The White House said the measure would help free up jobs for Americans in an economy reeling from the Covid-19 crisis. But it has drawn strong criticism from major business groups, trade bodies, politicians, scientists and others.

A US flag waves in the wind on a boat near the Statue of Liberty in New York on August 31, 2011.
A US flag waves in the wind on a boat near the Statue of Liberty in New York on August 31, 2011. (Reuters Archive)

US President Donald Trump has signed an executive order suspending the entry of certain foreign workers until the end of 2020, a move that is drawing flak not only from the business groups but also from scientists, politicians and others.

The ban on new visas applies to H-1B visas, widely used by technology companies, H-2B visas for seasonal workers, J-1 visas for cultural exchanges and L-1 visas for managers and key employees of multinationals. It also impacts families of immigrants via a freeze on green cards.

The White House said the decision would help create jobs for Americans who have been affected by the Covid-19 crisis. The order itself leaves a small Covid-19 shaped loophole as well as one for foreign nannies.

But critics say Trump is using the pandemic to accomplish his longstanding goal to limit immigration into the US. Even his supporters have come out against his decision.

A look at reactions from big companies and stakeholders:

'Won't help our country'

US Chamber of Commerce CEO Thomas J Donohue described the Trump administration's move as "a severe and sweeping attempt to restrict legal immigration."

"Putting up a ‘not welcome’ sign for engineers, executives, IT experts, doctors, nurses and other workers won’t help our country, it will hold us back," he said in a statement.

He said restrictive changes to the US immigration system "will push investment and economic activity abroad, slow growth, and reduce job creation."

Google 'disappointed'

Google CEO Sundar Pichai – whose company has been a leading beneficiary of the H1-B visa system – said he was "disappointed" by the announcement.

He said Google will continue to stand with immigrants and work to expand opportunity for all.

"Disappointed by today’s proclamation - we’ll continue to stand with immigrants and work to expand opportunity for all," Pichai tweeted.

'Not the time to cut off from talent'

Microsoft President Brad Smith in his tweet said "now is not the time to cut our nation off from the world’s talent or create uncertainty and anxiety." 

"Immigrants play a vital role at our company and support our country’s critical infrastructure," he added.

Too broad a ban for Musk

Tesla and SpaceX CEO Elon Musk said he "very much" disagreed with the move.

"Very much disagree with this action.
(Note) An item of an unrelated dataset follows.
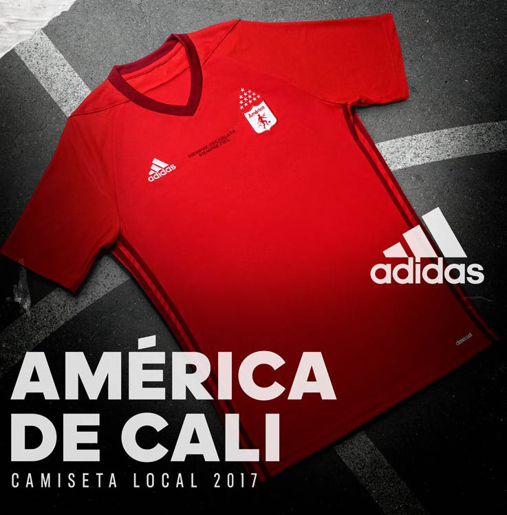 Das neue América de Cali 2017 Trikot, das auf Adidas Template basiert, das für viele 2016-2017 Trikots verwendet wird, setzt auf die traditionelle Hauptfarbe der Red Devils. Adidas kombiniert die rote Farbe mit Weinrot für den Kragen und die drei Streifen.

In my experience, these skillsets are net job creators. Visa reform makes sense, but this is too broad," he tweeted

'Short-sighted action'

Amazon slammed the Trump administration's measure as a "short-sighted action."

“We oppose the Administration’s short-sighted action. Preventing high skilled professionals from entering the country and contributing to America’s economic recovery puts American’s global competitiveness at risk," a spokesman said in a statement shared with GeekWire.

"The value of high-skilled visa programs is clear, and we are grateful for the many Amazon employees from around the world that have come to the US to innovate new products and services for our customers."

Science and innovation 'to suffer'

Those associated with the field of scientific research have expressed fear that banning experts from abroad will prove detrimental to innovation.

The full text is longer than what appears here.